I know that guinea pigs need more vitamin c then rabbits.. But other than that, is there any other major differences in their feed? I can supplement the vitamin c.. I want to feed the rabbits as many greens as I can.. But until I do, I'm going to need to give them rabbit feed.. I figure why buy the guinea pigs (I only have two as pets) separate food if I can just feed them what I'll already have..


----------



## ladysown

just add vitamin c to their water (need to change daily), or give 1/4 tab of chewable vitamin c to each piggie every day. LOTS of people do that. Piggies I find are a bit smarter than rabbits, they tend not to eat something which is bad for them - whereas rabbits can be fooled into it easier.
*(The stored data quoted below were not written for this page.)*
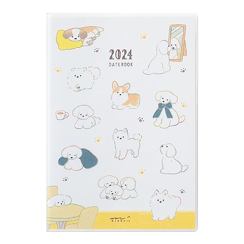ミドリ ポケットダイアリー 手帳 2024年 B6 ウィークリー イヌ柄 22255006 (2024年1月始まり)
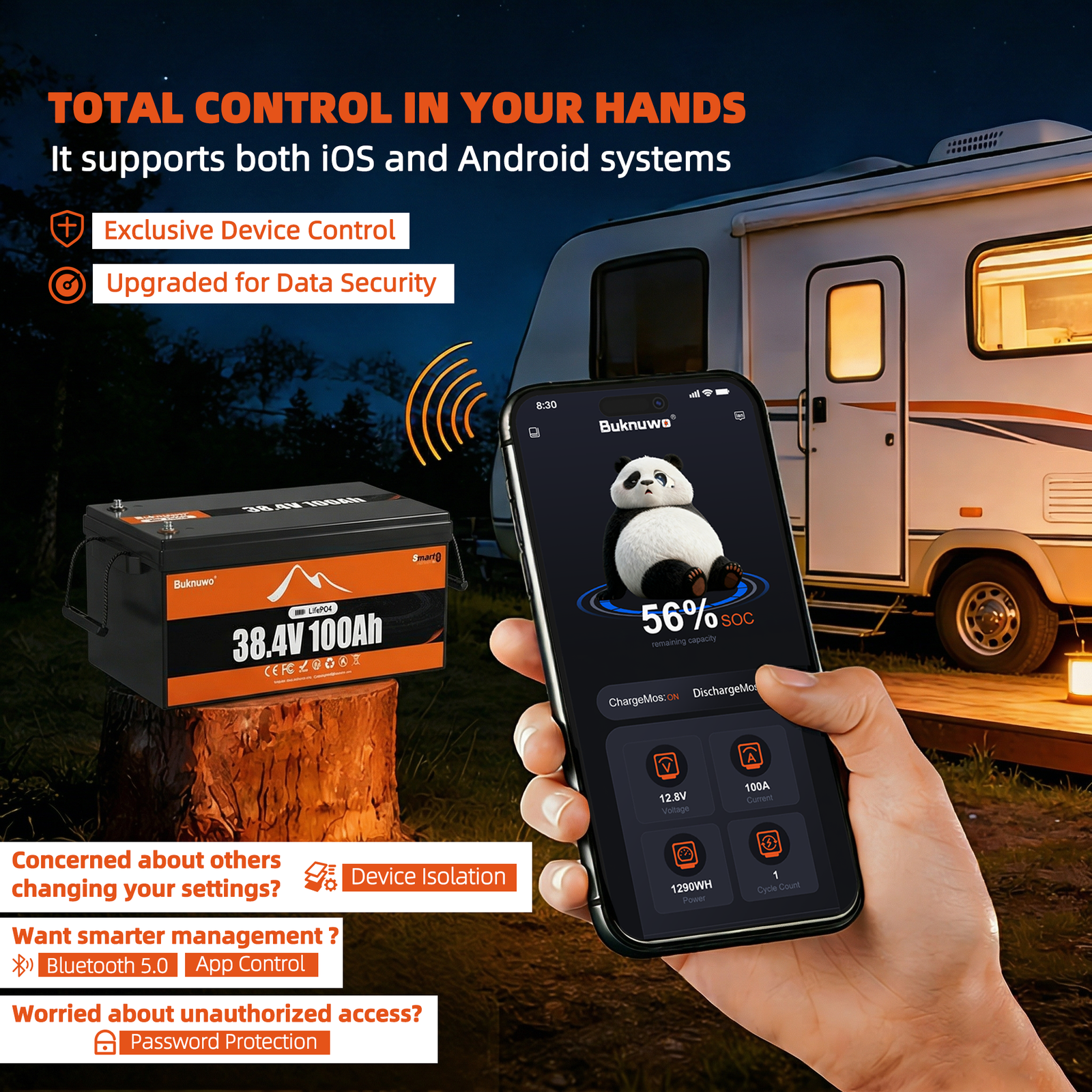 Smart 12V/12.8V 100Ah Bluetooth LiFePO4 Lithium Battery, 1280Wh Power Energy with Low-Temp Protection
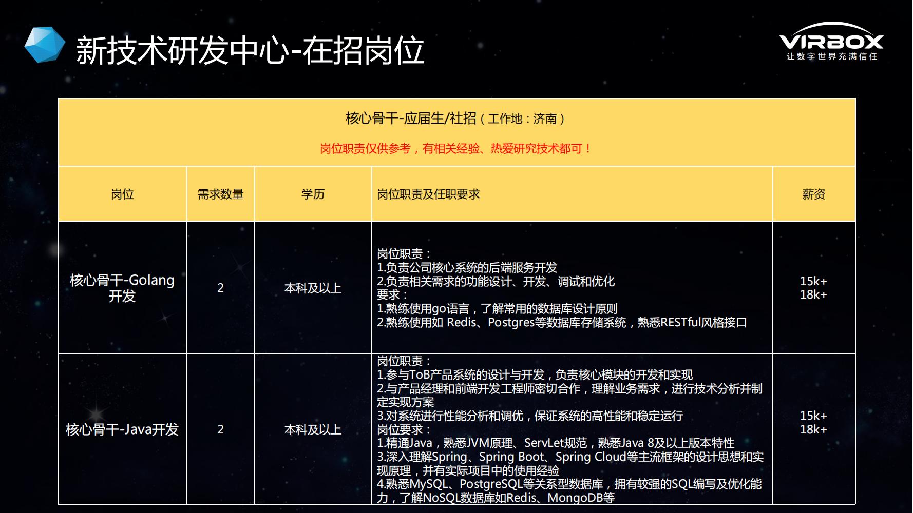 3. 岗位:Go语言研发、Java研发工程师、客户端APP开发(flutter框架)、硬件研发、测试经理(详情可查看企业介绍pdf);
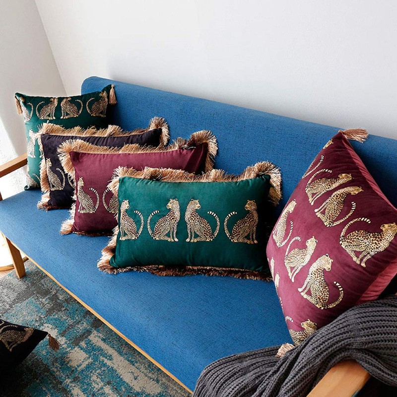 XSlive Lumbar Decorative Throw Pillow Cover with Tassels Leopard Pattern Cushion Cover Luxury Style Soft Velvet Pillowcase for Sofa Couch Bedroom (12"x20",Wine Red)
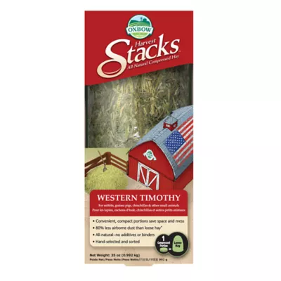 Oxbow Harvest Stacks are the latest in hay innovation. Using special compression technology, we transform 100% all-natural, hand-sorted Oxbow Western Timothy hay into compact, convenient-to-feed portions which produce 80% less airborne dust than loose hay when fed according to instructions. Feed Harvest Stacks as a primary hay source or supplement with loose hay to encourage enrichment. Harvest Stacks make a great feeding option when traveling or anytime storage space is limited.

Piggies tend to take their time about sampling new to them food. I find that most take readily to grass, and then they develop preferences, one will like celery and apples where another won't touch the stuff but will down green peppers (europe I think you call that paprika?) like no one business. Fun, but a bit odd.


----------



## Danaus29

I feed my cavy (guinea pig) rabbit food with vit C in the water. He's been eating rabbit pellets for 4 years now so I guess it's not harming him. He does get more hay and greens than the rabbits but I feed pellets and hay only over the winter. When I introduce greens in the spring he gets them just the same as the rabbits.


----------



## Kittikity

Oh, I didn't know you could feed guinea pigs greens like you do the rabbits.. I could feed mine year round here in Florida.. Then again, I don't know what's safe for guinea pigs compared to rabbits.. I do plan on giving them plenty of hay though.. Right now they get timothy hay you get from the pet store along with their guinea pig food..


----------



## MaggieJ

Here's a website you might find interesting:
http://www.galensgarden.co.uk/index.php


----------



## Danaus29

Here's one that gives a short list of acceptable green foods:
http://www.aracnet.com/~seagull/Guineas/feeding.html#Veggies

Additions I have found that piggies like:
mint, lemon balm, rose bushes (thorns removed if possible), grape leaves and young stems, raspberry leaves, spinach


----------



## Miniature World

Well I have 4 guinea pigs and I keep them in my rabbit pens. The girls with the girls and guys with the guys. They are all friends, and some times the guinea pigs boss my NZW rabbits around. What I do is buy a bid bag of rabbit feed, and one of those little bags of guinea pig feed. Then I mix them together and put it in my rabbit tray. In the winter they get hay and summer grass just like rabbits.

Hope that helps!


----------



## Otter

Any I've ever had have enjoyed citrus peels. They eat the white inside of them like it's candy and it is very rich in Vit C


----------